Вопрос по практике йоги Туммо. Выполняю практику по пробуждению на голодный желудок, слышал мнение что перед практикой туммо нужна сытная  и обитая пища для разжигания огня. Что Учитель Йонтен Гиалтсо говорит по этому поводу? Можно ли практиковать туммо на пустой желудок или это ошибка? И если после еды необходимо практиковать, то сразу же или через 1-2 часа лучше, сразу то тяжеловато наверняка будет. Помогите разобраться в этом вопросе, дабы избежать ошибок и упрочить свою практику во благо всем живым существам.

----------


## Евгений Шпагин

> Обращаюсь к получавшим от Йонтена Гьялтсо передачу на практику 6 Йог Нигумы. Появились ли какие-либо аудио - видео - книжные - картинные - рисованные - рукописные материалы по практике Туммо? Получал передачу в декабре 2015 года в Москве на данные практики, хотелось бы начать практиковать Туммо, правильно практиковать, то есть иметь под рукой какой-либо материал, например с символикой - ХАМ -РАМ - ТИГЛЕ и т.д. хотя бы слайды что были на семинаре. Порядок практики вспомнить бы. Приехать к вам на совместные практики пока не могу ввиду отдалённого места жительства г.Ульяновск. Помогите пожалуйста с подручным материалом у кого есть такая возможность. Пишите в личку, буду благодарен.


Приветствую! 

Посмотри материалы на Rutracker.org по ключевым словам туммо и шесть йог.
Там есть видео материалы по туммо (полный ретрит), а также книги по 6 йогам Наропы от Гленна Мулина, также труд написанный вторым Далай-Ламой, и от Ламы Еше Тубтена. 

Сарва Мангалам!

----------

Joy (26.11.2019), Ometoff (27.04.2017), Кхьенце Гьял (28.05.2018)

----------


## Чагна Дордже

> Вопрос по практике йоги Туммо. Выполняю практику по пробуждению на голодный желудок, слышал мнение что перед практикой туммо нужна сытная  и обитая пища для разжигания огня. Что Учитель Йонтен Гиалтсо говорит по этому поводу? Можно ли практиковать туммо на пустой желудок или это ошибка? И если после еды необходимо практиковать, то сразу же или через 1-2 часа лучше, сразу то тяжеловато наверняка будет. Помогите разобраться в этом вопросе, дабы избежать ошибок и упрочить свою практику во благо всем живым существам.

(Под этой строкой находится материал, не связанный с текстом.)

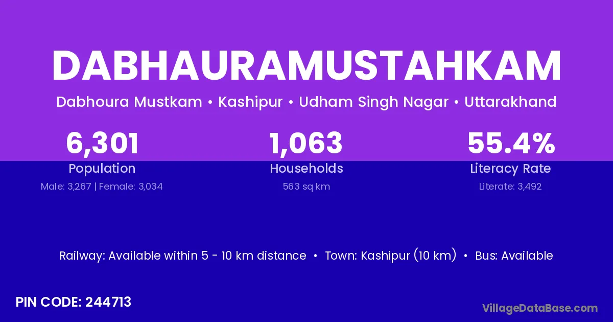 Kashipur (10 km) is the nearest town to Dabhauramustahkam village for major economic activities and is located approximately 10 km away.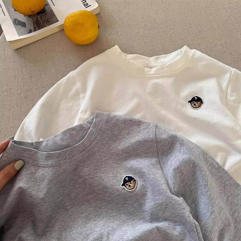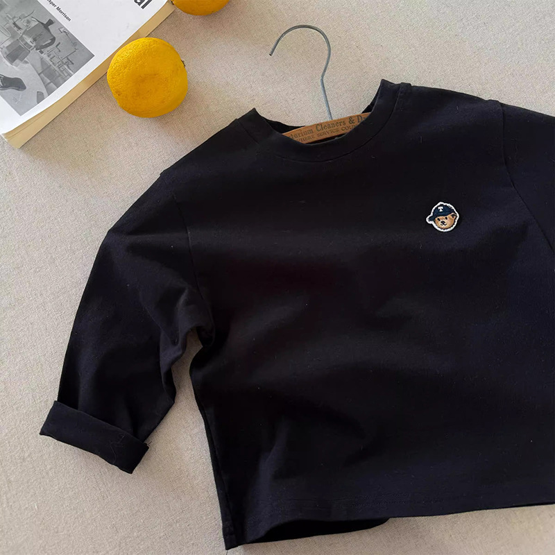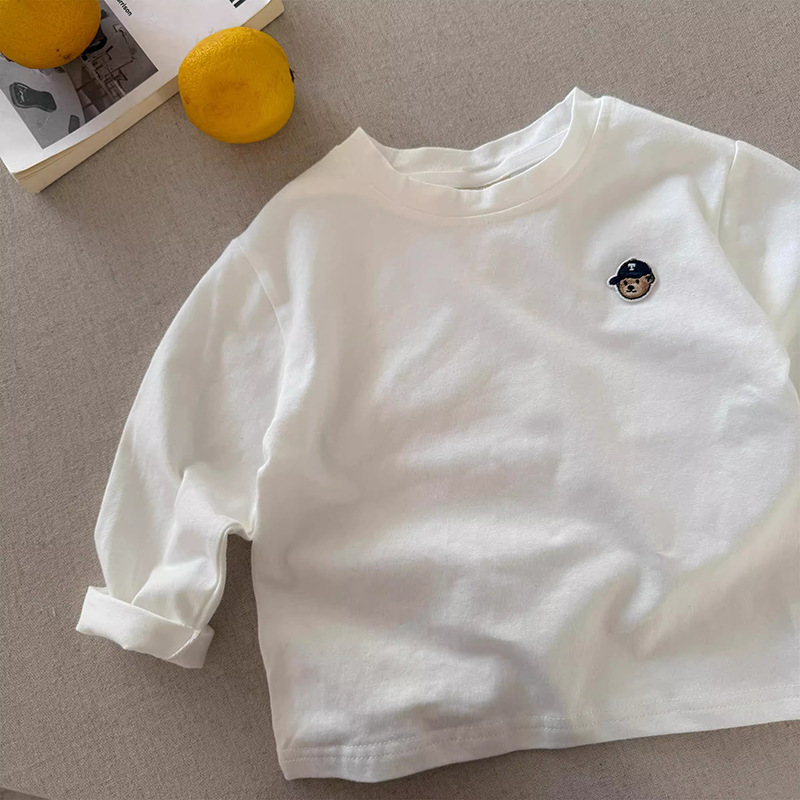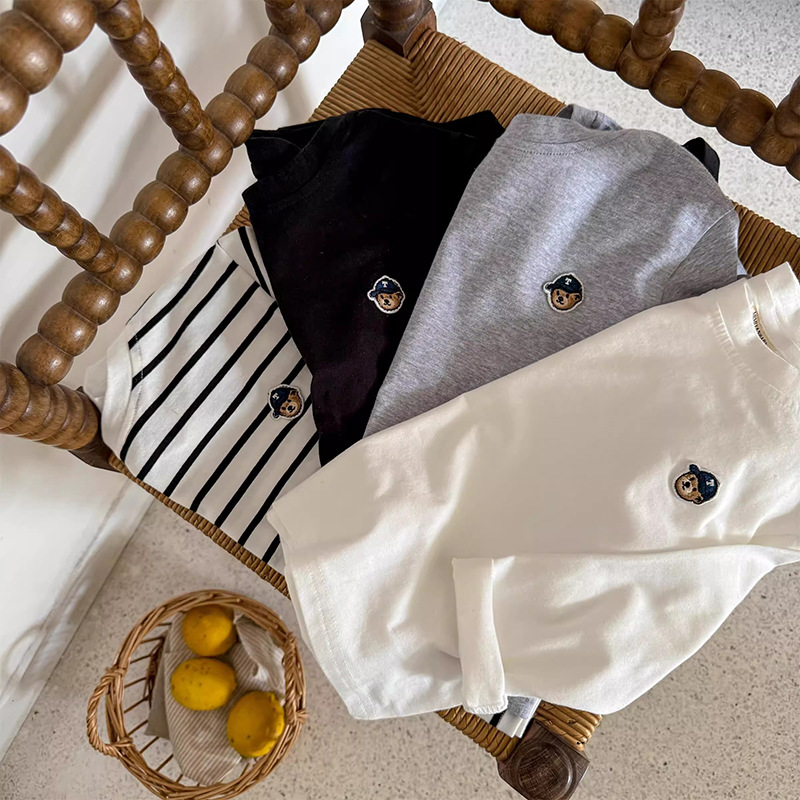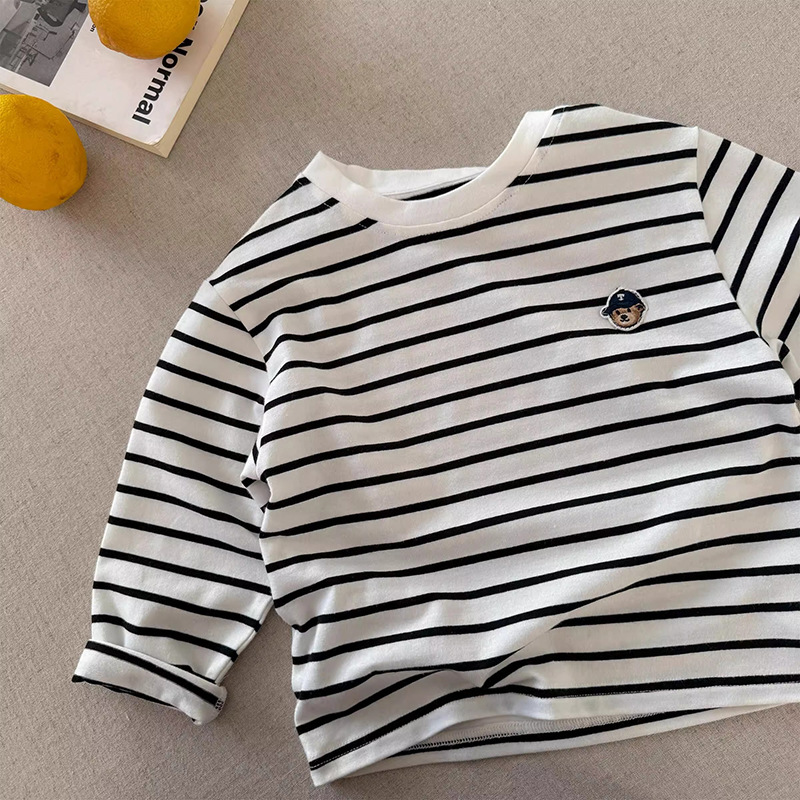 순수 코튼 아동 티셔츠 긴팔 탑 의류 2025 새로운 만화 줄무늬 자수 캐주얼 아동 의류 바닥 셔츠 봄, 가을스토어 가기

Посмотрите личные сообщения.

----------


## Кхьенце Гьял

Сначала Нгондро надо пройти, что касается практики, вам потребуется соблюдать особый режим и жить согласно ему. Без режима стадия стабильности и поддержания огня, даже просто вероятность разжечь его правильно сильно мала.

----------